— EXERCISE DETAILS —
Only the text should come through, so restate the listing exactly and drop its images.

— DATA SECTION —
BEGIN
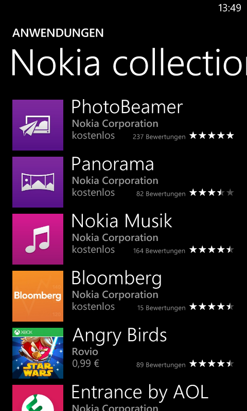 Nokia installiert auf dem Lumia 620 zahlreiche hauseigene Anwendungen, die allesamt gut gelungen sind und im Test reibungslos funktionieren. Dazu gehören unter anderem der zuverlässige Routenplaner Nokia Drive+ Beta, die Landkarten-Software Nokia Karten, des Weiteren Nokia Bus & Bahn sowie die ausführliche Hilfe-Software Nokia Care. Mit an Bord ist außerdem die mobile Version von Microsoft Office, mit der sich Dokumente aus Excel, Word, PowerPoint und OneNote erstellen, öffnen und bearbeiten lassen.
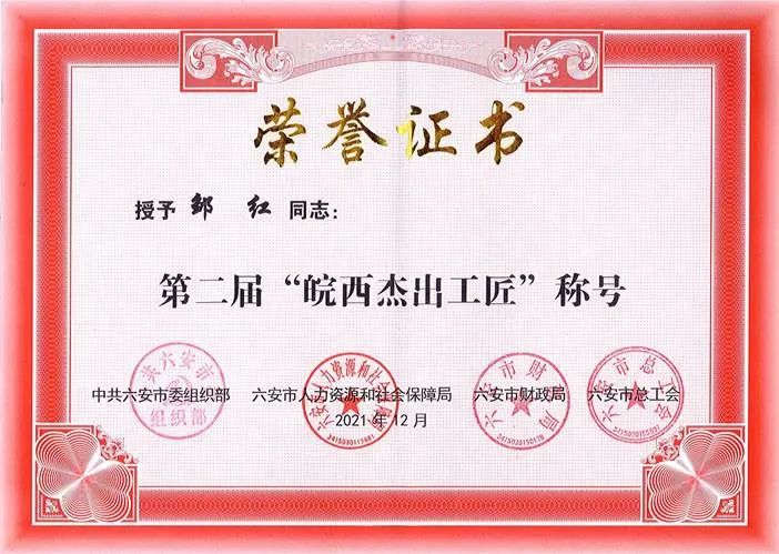 我每天含辛茹苦,從早上六點(diǎn)半忙到晚上九點(diǎn)半。大家聚在一起,創(chuàng)造藝術(shù),探索竹編工藝的未來(lái)。三十年的勞作,已經(jīng)讓我的手掌傷痕累累。手指已經(jīng)被染料染黑,手上起了一層厚厚的老繭。但是,哪怕是節(jié)假日,我也仍然堅(jiān)持在崗位。辛苦的付出是有回報(bào)的。去年,我獲得了安徽省三八紅旗手、六安市勞動(dòng)模范、全國(guó)鄉(xiāng)村工匠等榮譽(yù)稱號(hào);并榮獲六安市優(yōu)秀非遺傳承人。
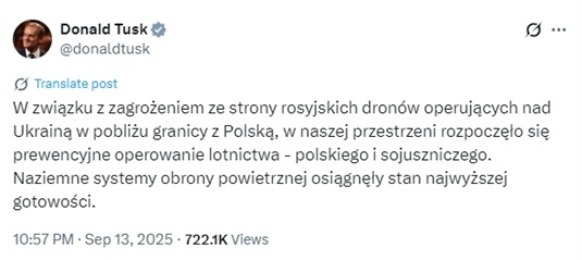 △13日,波蘭總理圖斯克在社交平臺(tái)X上發(fā)帖稱,波蘭及其盟友已在本國(guó)領(lǐng)空展開“預(yù)防性”空中行動(dòng)。
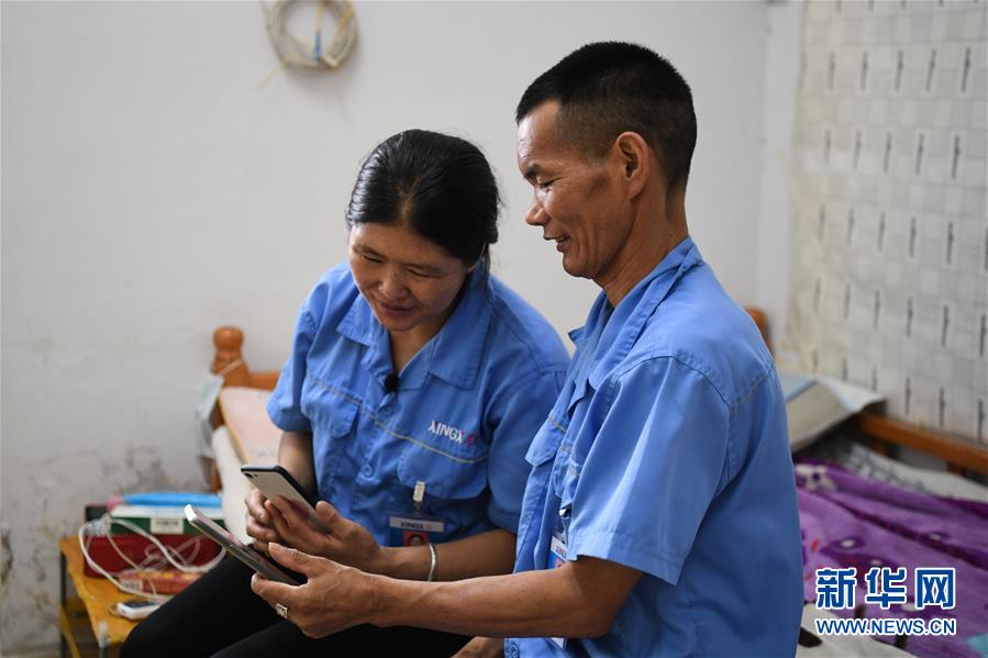 在佛山市三水區廣東星星制冷設備有限公司提供的夫妻宿舍里,李力挖(右)、何公各在休息時間玩手機(6月22日攝)。 新華社記者 鄧華 攝
END
— EXPECTED ANSWER —
 Nokia installiert auf dem Lumia 620 zahlreiche hauseigene Anwendungen, die allesamt gut gelungen sind und im Test reibungslos funktionieren. Dazu gehören unter anderem der zuverlässige Routenplaner Nokia Drive+ Beta, die Landkarten-Software Nokia Karten, des Weiteren Nokia Bus & Bahn sowie die ausführliche Hilfe-Software Nokia Care. Mit an Bord ist außerdem die mobile Version von Microsoft Office, mit der sich Dokumente aus Excel, Word, PowerPoint und OneNote erstellen, öffnen und bearbeiten lassen.
 我每天含辛茹苦,從早上六點(diǎn)半忙到晚上九點(diǎn)半。大家聚在一起,創(chuàng)造藝術(shù),探索竹編工藝的未來(lái)。三十年的勞作,已經(jīng)讓我的手掌傷痕累累。手指已經(jīng)被染料染黑,手上起了一層厚厚的老繭。但是,哪怕是節(jié)假日,我也仍然堅(jiān)持在崗位。辛苦的付出是有回報(bào)的。去年,我獲得了安徽省三八紅旗手、六安市勞動(dòng)模范、全國(guó)鄉(xiāng)村工匠等榮譽(yù)稱號(hào);并榮獲六安市優(yōu)秀非遺傳承人。
 △13日,波蘭總理圖斯克在社交平臺(tái)X上發(fā)帖稱,波蘭及其盟友已在本國(guó)領(lǐng)空展開“預(yù)防性”空中行動(dòng)。
 在佛山市三水區廣東星星制冷設備有限公司提供的夫妻宿舍里,李力挖(右)、何公各在休息時間玩手機(6月22日攝)。 新華社記者 鄧華 攝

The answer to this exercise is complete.